= Stored entries =
----

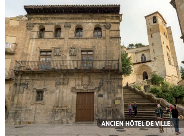
ANCIEN HÔTEL DE VILLE
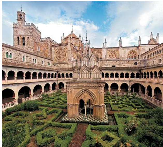
Kreuzgang des Klosters Nuestra Señora de Guadalupe (UNESCO Weltkulturerbe)

dieser Folder wurde CO 2 - neutral hergestellt
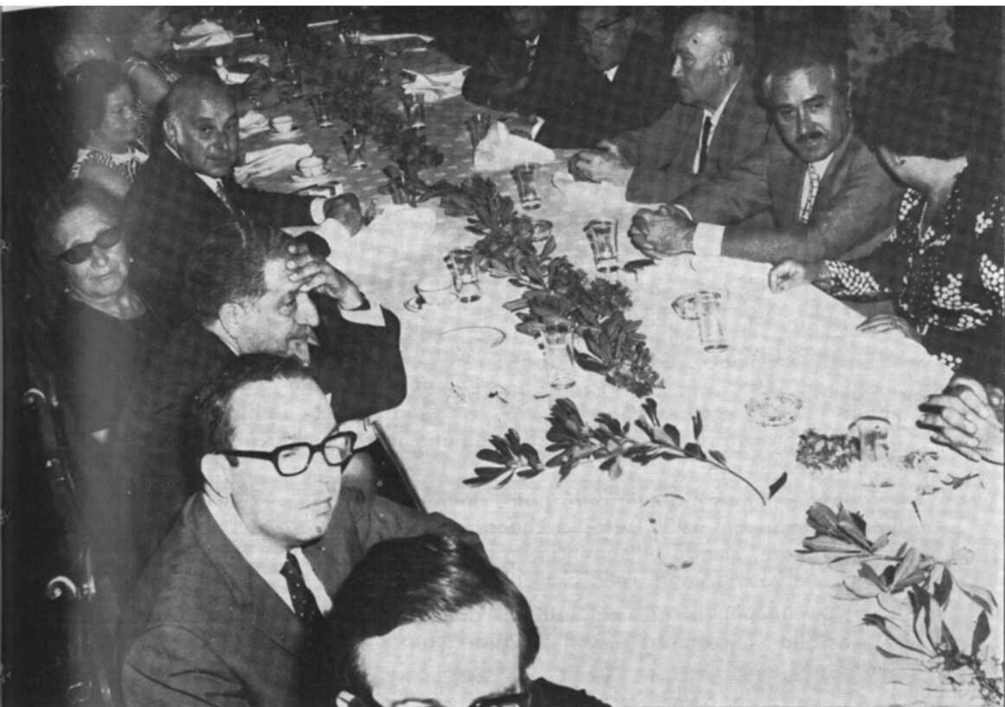
Altro lato della tavola
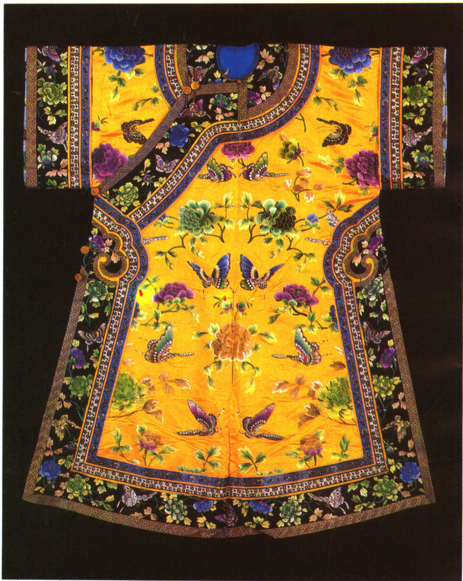
明黄缎绣彩牡丹蝶裳衣 清·光绪
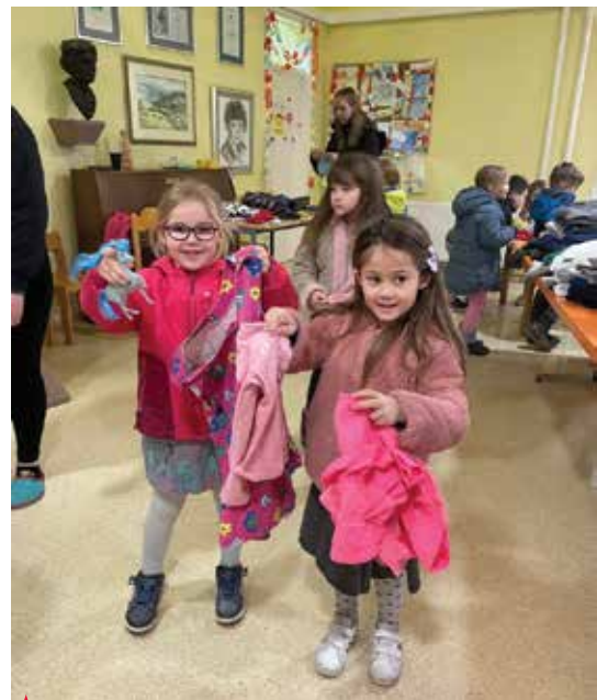
▲ Dobrotelni bazar
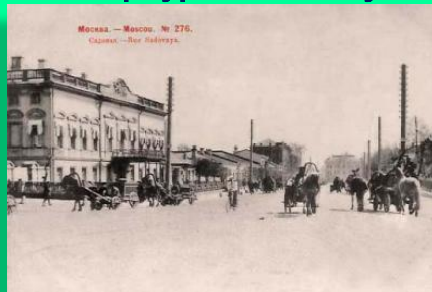
Москва, Садовое кольцо, 1903.

В 1911 по инициативе Вересаева было создано «Книгоиздательство писателей в Москве», которое он возглавлял до 1918. В эти годы выступал с литературоведческими и критическими исследованиями.
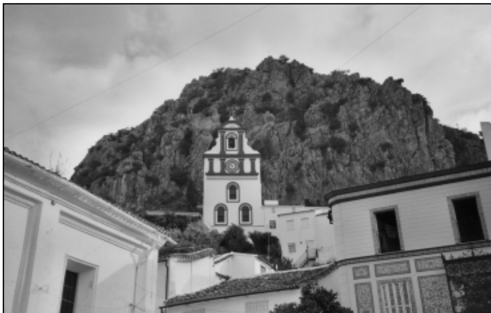
Poble d'Ubrique.

El camí de los Llanos de Ravel comença en una pista que s'endinsa en el bosc; aquesta pista està tancada i només hi poden passar les persones encarregades de la conservació del parc i els treballadors de l'empresa EGMASA que cuiden el bosc. La vegetació de la zona és abundant i està constituïda principalment per alzines i roures ( quejigos ); més endavant ja es comencen a veure pinsaps aïllats, i més amunt es troba el frondós bosc de pinsaps, el pinsapar . El pinsap ( Abies pinsapo ) pertany a la família de les pinàcies;

----

= What is needed =
The expected response is every entry above, repeated exactly, pictures removed.

= Result of the task =
ANCIEN HÔTEL DE VILLE
Kreuzgang des Klosters Nuestra Señora de Guadalupe (UNESCO Weltkulturerbe)

dieser Folder wurde CO 2 - neutral hergestellt
Altro lato della tavola
明黄缎绣彩牡丹蝶裳衣 清·光绪
▲ Dobrotelni bazar
Москва, Садовое кольцо, 1903.

В 1911 по инициативе Вересаева было создано «Книгоиздательство писателей в Москве», которое он возглавлял до 1918. В эти годы выступал с литературоведческими и критическими исследованиями.
Poble d'Ubrique.

El camí de los Llanos de Ravel comença en una pista que s'endinsa en el bosc; aquesta pista està tancada i només hi poden passar les persones encarregades de la conservació del parc i els treballadors de l'empresa EGMASA que cuiden el bosc. La vegetació de la zona és abundant i està constituïda principalment per alzines i roures ( quejigos ); més endavant ja es comencen a veure pinsaps aïllats, i més amunt es troba el frondós bosc de pinsaps, el pinsapar . El pinsap ( Abies pinsapo ) pertany a la família de les pinàcies;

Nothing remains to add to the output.